The establishment of the Vincennes factory in 1738 by Orry de Fulvy posed the first serious threat to the influential productions from Meissen which had exerted so strong an attraction for princely patrons and collectors all over Europe. With the stimulus and security which came from royal protection, Vincennes developed wares of a quality hitherto unknown in France and worthy of acceptance by the most discriminating collectors. More daring forms were devised, surfaces enriched with new colors, and heavy gilding tastefully applied. Working at Vincennes were a number of remarkable artisans, including Claude Thomas Duplessis, Jean Adam Mathieu, and Jean Jacques Bachelier. Madame de Pompadour not only encouraged the venture but aroused the interest of the King himself in porcelain.
Among the Vincennes examples in the Morgan collection are a number of outstanding beauty. In a ewer, the gilding and exquisitely painted exotic birds find a perfect foil in the deep gros-bleu background. Painted birds also appear on vases with a white ground and delicately tinted flowers in relief, reminiscent of Meissen. Another early Vincennes vase shown here, modeled by Duplessis, is of malachite green. Of superb quality is a Vincennes tea set, with a pale lemon yellow ground and white reserved panels painted in blue and framed with gilding; the charmingly playful scenes of children in various rustic occupations are typical of the less serious side of eighteenth-century French decoration.

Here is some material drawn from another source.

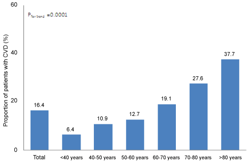 Figure 1: Proportion of patients with cardiovascular disease according to age.

Another attractive Vincennes item from the Atheneum's collection is a covered dish and plate, whose shape offers an interesting comparison with that of the ‘ecuelle’, a typical form in contemporary French silver.

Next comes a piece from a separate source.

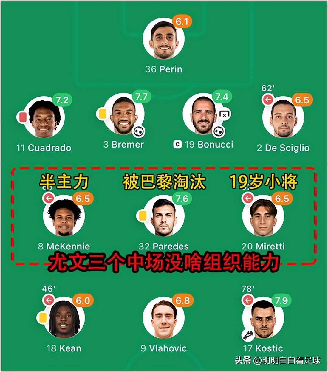 尤文这几个工兵型中场虽然进攻乏力,但防守表现尚可。

Among the many fine French porcelains at Hartford perhaps the most attractive is a graceful Sevres figure of Madame de Pompadour, standing beside a rose-festooned column. In her characterization as the goddess of love she appropriately holds a heart in her right hand. Only nineteen of these biscuit figures were made, presumably about 1755, after a marble statue by the eminent sculptor Etienne Maurice Falconet (1716-1791). Of these only three are known to have survived; two are in collections in France, the third at the Wadsworth Atheneum. A covered bowl and plate provide an example of the skillfully painted scenes that decorate many Sevres pieces.